### Local RAG Workflow with Db2 and llama.cpp

This notebook demonstrates a complete Retrieval-Augmented Generation (RAG) pipeline running on a local system:

* **Embeddings** are generated locally using the Granite model served via `llama.cpp`
* **Vector search** is performed in Db2 using built-in `VECTOR` functions
* **Context retrieval** and **prompt construction** are handled locally
* Only the **final text generation** step uses a hosted LLM (Mistral) via Watsonx.ai

By keeping embedding generation and prompting local, the workflow reduces latency, avoids cloud dependency for sensitive data, and offers more control over the overall process.

**Setup and Requirements**
For installation steps and additional context, see the accompanying [README.md](./README.md).


## Step 0: Imports

In [1]:
# Core libraries
import os
import pandas as pd

# Environment variables
from dotenv import load_dotenv, dotenv_values

# NLP and embeddings
import spacy
import trafilatura
from llama_cpp import Llama

# Watsonx AI
from ibm_watsonx_ai.metanames import GenTextParamsMetaNames as GenParams, EmbedTextParamsMetaNames
from langchain_ibm import WatsonxLLM

# Notebook display utilities
from IPython.display import display, Markdown

if not os.path.isfile('db2.ipynb'):
    os.system('wget https://raw.githubusercontent.com/IBM/db2-jupyter/master/db2.ipynb')

%run db2.ipynb

  firstCommand = "(?:^\s*)([a-zA-Z]+)(?:\s+.*|$)"
  pattern = "\?\*[0-9]+"


Db2 Extensions Loaded. Version: 2024-09-16


## Step 1: Web Content Extraction

In [2]:
url = 'https://community.ibm.com/community/user/blogs/shaikh-quader/2024/05/07/building-an-in-db-linear-regression-model-with-ibm'
downloaded = trafilatura.fetch_url(url)

if downloaded:
    article = trafilatura.extract(downloaded)
    print(article[:1000])  # Preview first 1000 chars
else:
    print("Failed to fetch content.")

Despite being one of the earlier machine learning techniques, linear regression continues to be a top choice among ML practitioners for a regression task. For the past three years, over 80% of the respondents to Kaggle’s annual state of data science and machine learning survey mentioned linear regression as a ML algorithm they most frequently use. IBM Db2 provides an in-database stored procedure (SP) for Linear Regression as part of its ML library, which is a collection of over 200 SPs for performing different ML tasks in the database. Using the linear regression SP and other functionality of DB2’s ML Library, ML practitioners can build and deploy linear regression models in the database when their ML dataset is available in a Db2 database. In this post, I will show you the following steps of building and using a linear regression pipeline using SQL with a Db2 database:
Let’s begin.
The Regression Task
In this exercise, I will use the GoSales dataset, which is available from this link.

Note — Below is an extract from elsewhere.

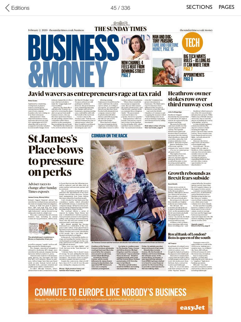 Today's ST Business: St James's Place bows to pressure on perks, Javid wavers as entrepreneurs rage at tax raid, Heathrow owner stokes row over third runway, Conran on the rack, growth rebounds as Brexit fears subside and RBS boss is queen of the southpic.twitter.com/XfSWQEYPXD

## Step 2: Chunking the Clean Text for Embedding

In [3]:
nlp = spacy.load("en_core_web_sm")

In [4]:
def overlapping_sentence_chunker(text, max_words=200, overlap_words=50):
    doc = nlp(text)
    sentences = [sent.text.strip() for sent in doc.sents if sent.text.strip()]
    
    chunks = []
    current_chunk = []
    current_length = 0

    i = 0
    while i < len(sentences):
        sentence = sentences[i]
        sentence_length = len(sentence.split())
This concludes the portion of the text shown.